One wonders how convincing the evidence has to be. Here we have a proposal to mass-medicate 100, 000 or more people. On the one hand, there is a putative modest benefit to the dental health of young children (which could be achieved by other means; see chapters 6–8). On the other hand, there are about twenty studies (albeit with questioned methodologies in some cases) suggesting potential damage to the brains of young children at levels quite close to the concentration of 1 ppm to be
used in Southampton. That medication does not sound like a very good deal; it is hard to believe that many parents would choose it for their own children. The SHA’s attitude is in fact a particularly glaring example of an irresponsible mind-set that seems to be common among fluoridation proponents: that it is okay to fluoridate the public water supply until incontrovertible proof is provided that it does some devastating harm. This attitude is all the more indefensible since fluoridating countries show more interest in belittling what evidence there is than in carrying out any investigations themselves.
Summary
In this chapter we have summarized the animal and human studies that show associations of fluoride with damages to the brain. Animal studies have indicated that fluoride can enter the brain and that the accumulation is dose-dependent. Animal studies have also shown biochemical changes and damage that can be viewed microscopically. Many of these studies have been carried out at relatively high doses, but one remarkable study by Varner et al. showed effects at a low level of exposure—1 ppm in rats’ drinking water over one year of exposure. At this level a greater uptake of aluminum into the brain was observed, as well as beta-amyloid deposits such as have been associated with Alzheimer’s disease.
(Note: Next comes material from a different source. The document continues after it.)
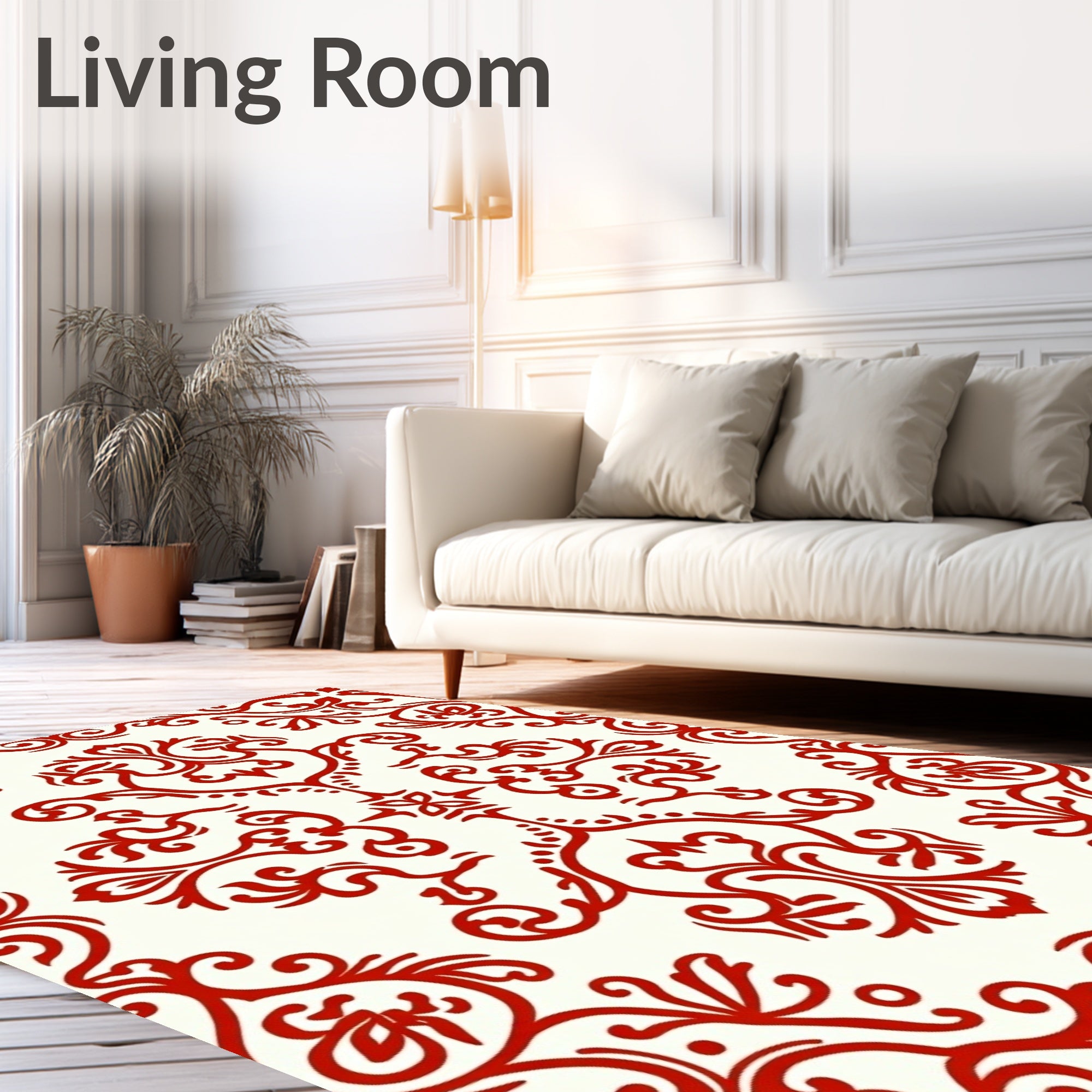 Ultra Soft Area Rug, Non Slip, Stain Resistant, Washable Area Rugs for Living Room, Bedroom, Baroque Scroll Trellis Composition(Red) Overview:

There have also been twenty-three studies indicating a lowered IQ in children associated with levels as low as 1. 9 ppm of fluoride in drinking water. We do not claim that these IQ studies add up to conclusive evidence that water fluoridation impairs cognitive development. However, when you have twenty or more reports consistently suggesting a problem, and these have been backed up by studies indicating possible brain damage in aborted fetuses in areas endemic for fluorosis in China, as well as animal data indicating brain damage and abnormal behavior, and very little to set in the balance against them, it is wise to sit up and pay attention. The health authorities and governments of fluoridating countries show little sign of doing that. We return to this failure to pursue important health studies in chapter 22. Meanwhile, we have to ask whether the saving of any amount of tooth decay, which we believe is slight at best (see chapters 6–8), could possibly justify taking the risk of interfering with the development of a child’s brain.